New Phishing Campaign Leverages Aging Reports to Target Businesses

  • The new threat group impersonates company CFOs, requesting an updated aging report from companies' financial department staff.
  • There should be a multi-layered approach to email security to prevent scams by impersonation.

A hacker group called Ancient Tortoise was reportedly found targeting accounts receivable specialists for hoodwinking them into obtaining information on customers via aging reports.

What is an aging report?

An aging report is a collection of outstanding invoices of users that help a company's financial department keep track of unpaid bills of customers for the goods or services bought on credit.

Attackers’ trick

Researchers at Agari Cyber Intelligence Division (ACID) have revealed Ancient Tortoise’s intent to scam customers after collecting their information using aging reports from organizations.

  • The new threat group would impersonate a company's CFO requesting the specialist an updated aging report altogether.
  • By not asking the employee to change payment accounts, in the beginning, is a tactic to win the trust first.
  • The attackers also mimic the names and free email accounts of the firm's CFO to further strengthen their hoax.

Undercover operation by Agari

Agari's research team connected with the scammers and continued the email exchange in order to further understand Ancient Tortoise's fraud scheme.
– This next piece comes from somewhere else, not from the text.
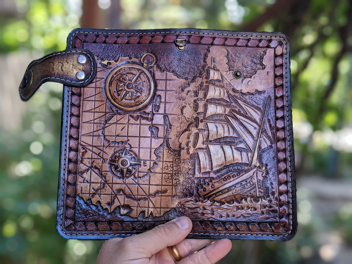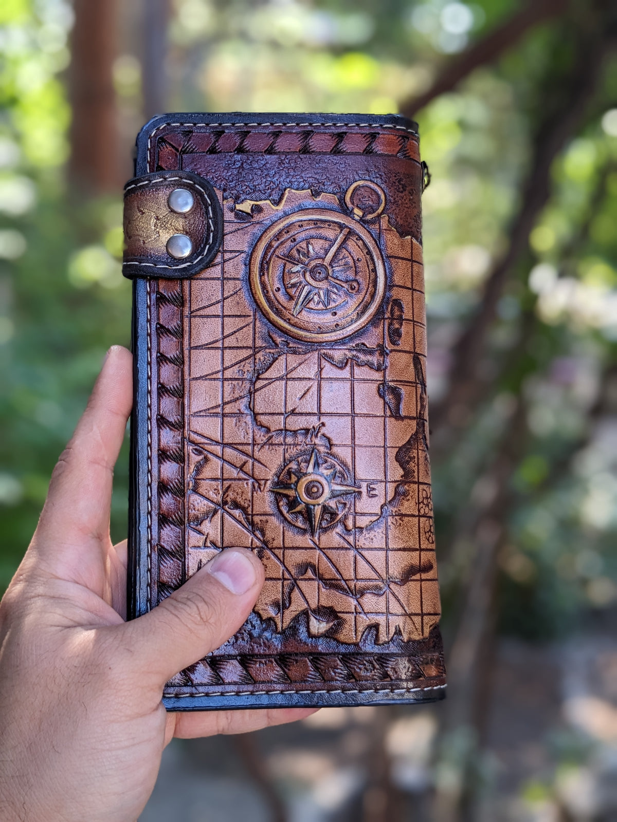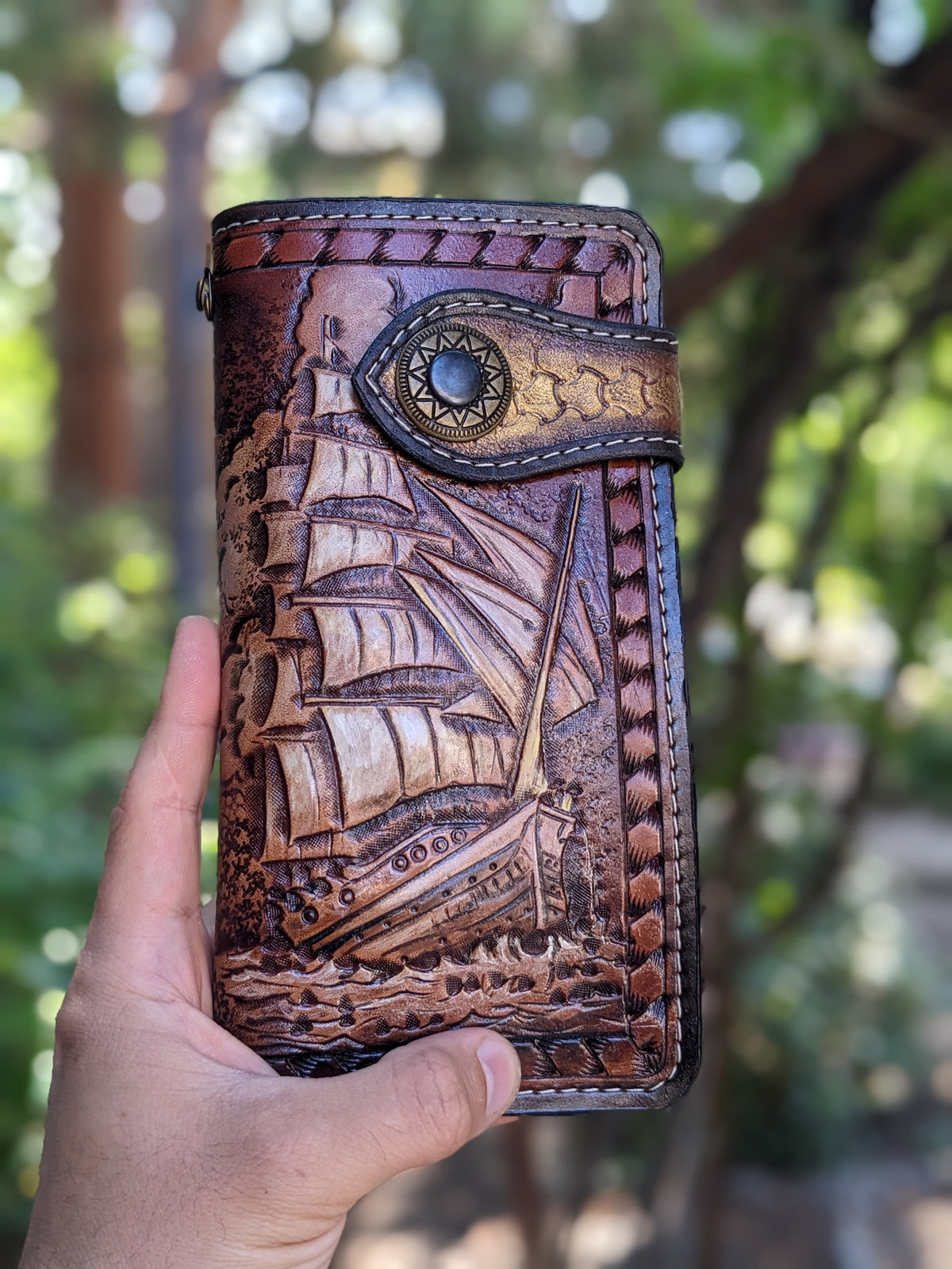 Handmade long leather travel wallet featuring an embossed design of a majestic frigate ship, vintage treasure map, and detailed compass rose. Inspired by age-old maritime adventures and pirate lore, this genuine leather clutch is perfect for explorers at heart. Whether you're a sailor, history lover, or seeker of hidden treasures, this wallet captures the spirit of the open sea and old-world navigation. A perfect gift for adventurers and nautical enthusiasts.
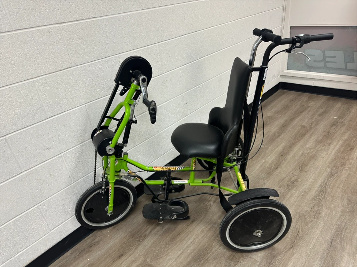 This adaptive tricycle is designed to assist with mobility. It features a comfortable seat and hand-operated controls for steering and braking. The sturdy frame ensures stability for riders.

  • The team sent a fake aging report containing the names of purported customers and their overdue amounts, along with the names and contact details.
  • Two days after the email exchange, scammers started contacting all the fake customers from the aging report, requesting payment for the outstanding invoices.
  • This is where they asked for the outstanding invoices to be paid via ACH or wire to a new account.
  • In the next, actors shared the details of the bank account they controlled for the outstanding payments to be made.

The Agari team said, “To make their email look legitimate, Ancient Tortoise registered a new domain about an hour and a half before sending the messages that closely mimicked our fake employee’s domain. Of course, the display name and username used by the scammer also matched our persona as well.”

Defense techniques

Learning defense techniques for such scams is critical for companies, vendors, and suppliers.

  • There should be a multi-layered approach to email security to prevent scams by impersonation. The approach involves implementing strong anti-phishing email and layered email authentication protections to defend against advanced identity deception attacks and brand spoofing.
  • For companies trading with external parties, besides utilizing identity deception defenses, having a formal process for handling outgoing payments is recommended (especially if the supplier’s normal payment account has changed).